Tidal volume can be read visually with the aid of either index marks 58 on the outer envelope 38, or similar marks on the outside of the inner tube 26. However, the position of the ball 28 can be detected by electrical or optical means and converted into electrical signals for driving recorders, drug dispensing equipment, etc. In fact, the indicator device shown in the drawings is particularly well-adapted to provide such an electrical readout. The reason for this is that the gas in the tube 26 is almost entirely atmospheric air and contains no nitrous oxide, water vapor, or other gaseous components found in relatively large quantities in the gases breathed by the patient. This is a result of the ioslation provided by the plastic bag 48. Thus, these gaseous components do not interfere with the optical or electrical sensing of the position of the ball 28. Additionally, it has been found, unexpectedly, that the water vapor from the patient's breath does not reach the ball or the tube 26, and thus does not produce condensation which might collect on the tube walls and impede the travel of the ball in the tube.
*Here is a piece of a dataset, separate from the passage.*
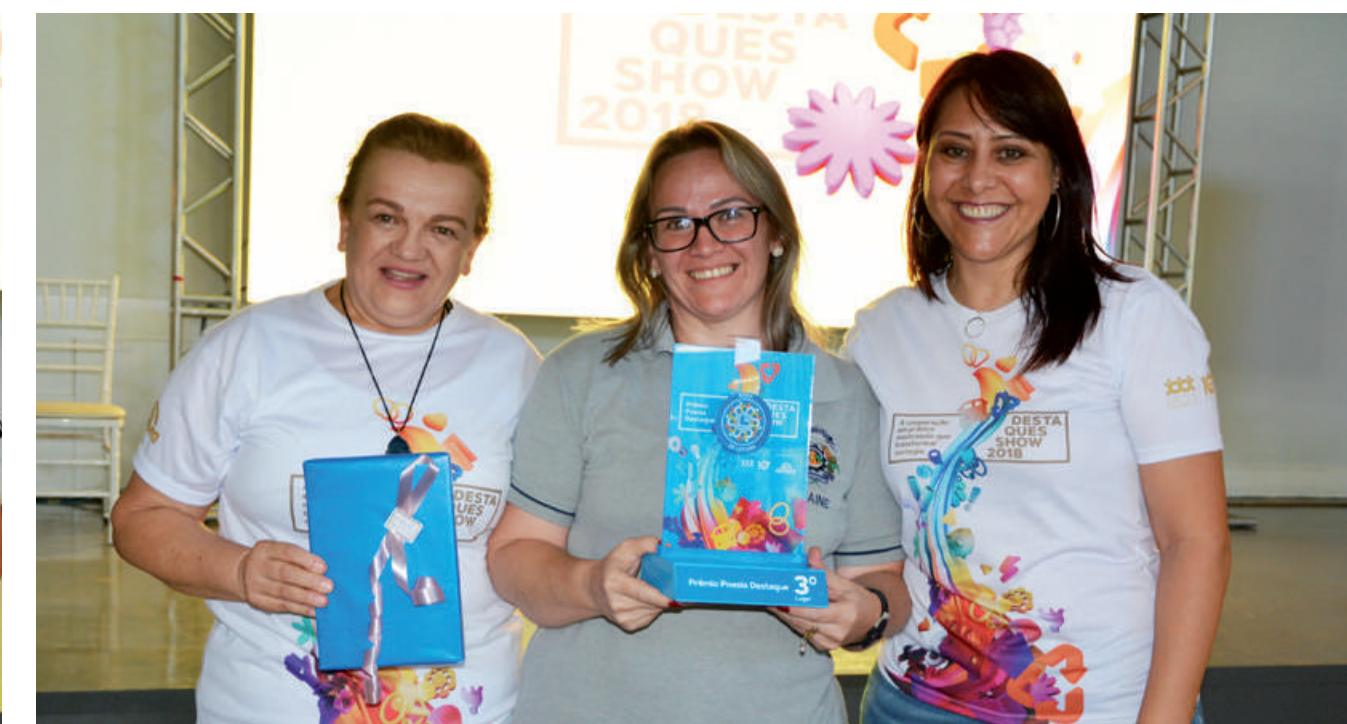
3º LUGAR E.B.M. Agropecuária Demétrio Baldissarelli de Chapecó

The device and method of this invention have advantages in addition to those mentioned above. One advantage is that of sterility and cleanability. The bag 48 can be made inexpensively and thus can be discarded after each use by a patient. The housing 40 preferably is made of a polycarbonate material and also is easy to clean. The membrane 70 is easy to remove, replace and clean.

As it has been pointed out above, the device 25 can be used with patients of varying size and age simply by changing the size of the bag 48 to match it to the size of the patient. The size of the membrane 70 similarly can be varied. Thus, the same device can be used for infants as well as adults.

When it is used with a ventilator producing inflation of the intermittent positive-pressure type, such as that provided by the manual respiration bag 23 shown in the drawings, the device 25 does not indicate the inflation pressure created by the ventilator. This is because the inflation pressure is applied after the expiration cycle of the patient, during the time which the bag 48 is collapsed and the ball 28 rests on the seat 30. Thus, the tidal volume indicator can be used to indicate solely the diaphragm activity of a ventilated patient.

The check valve 54 preferably is a conventional valve which has a relatively high degree of resistance to opening so that it requires negative pressures of the order of 1 or 2 centimeters of water before it will open. Additionally, a restricted orifice 57 is formed in the expiratory conduit just upstream from the check valve 54 by means of a short length of tubing 55. The orifice 57 helps to keep the check valve from opening too soon. For example, the inside diameter of the tube 52 at the inlet to the chamber 43 is 0.75 inch, whereas the inside diameter of the tubing 55 is 0.25 inch. Check valves with springs to keep them from opening sooner than desired also are known and usable.

The above description of the invention is intended to be illustrative and not limiting. Various changes or modifications in the embodiments described may occur to those skilled in the art and these can be made without departing from the spirit or scope of the invention.